Start of Block

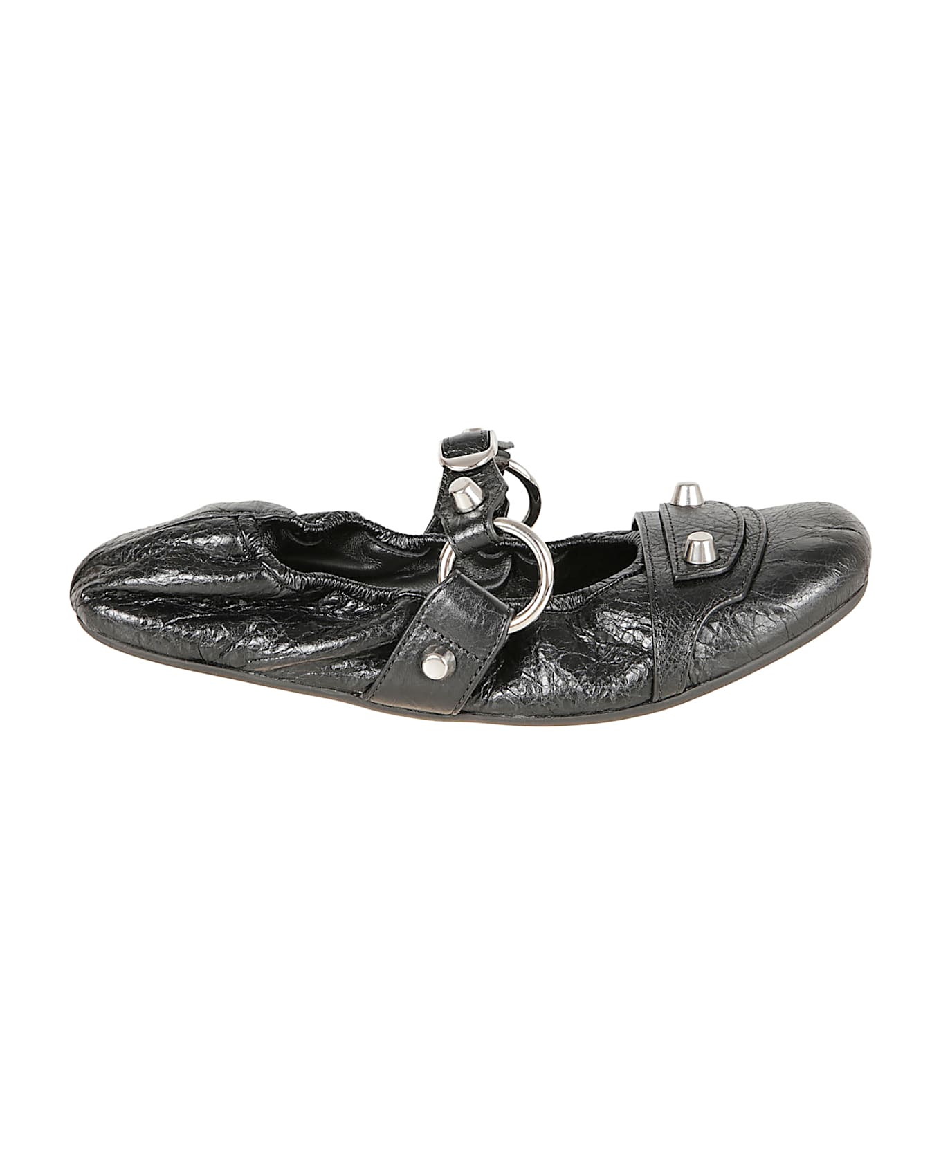 Arena lambskin Ballet flats Rounded toe Silver ABS studs and buckles Tone-on-tone insole Black sole Composition: 100% Lamb Skin
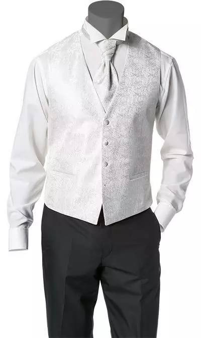 Elegante Weste mit romantischem Charakter: eine perfekte Ergänzung, am besten in Kombination mit einem Plastron, für Bräutigam-Outfits oder den festlichen Auftritt – eine dezente Glanzoptik unterstützt die elegante Wertigkeit und die Festlichkeit des Gesamtbildes.
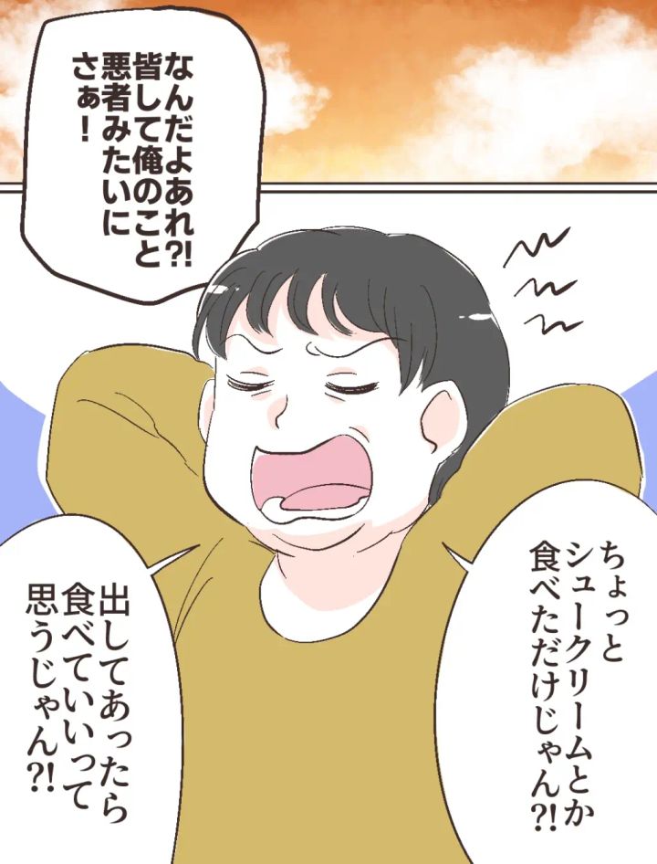 しかし・・。実家から帰ってくると、フトシは「なんだよあれ?!皆して俺のこと悪者みたいにさぁ!ちょっとシュークリーム食べただけじゃん?!出してあったら食べていいって思うじゃん?!」と文句たらたら。ようやく反省したかに見えたフトシでしたが、なぜみんなにあれほど言われたのか全く理解していませんでした。

End of Block

## WHAT YOU SHOULD DO
Repeat the exact lines from the first line of the data through the line containing "Elegante Weste mit". Nothing else, no pictures.

## TASK RESPONSE
 Arena lambskin Ballet flats Rounded toe Silver ABS studs and buckles Tone-on-tone insole Black sole Composition: 100% Lamb Skin
 Elegante Weste mit romantischem Charakter: eine perfekte Ergänzung, am besten in Kombination mit einem Plastron, für Bräutigam-Outfits oder den festlichen Auftritt – eine dezente Glanzoptik unterstützt die elegante Wertigkeit und die Festlichkeit des Gesamtbildes.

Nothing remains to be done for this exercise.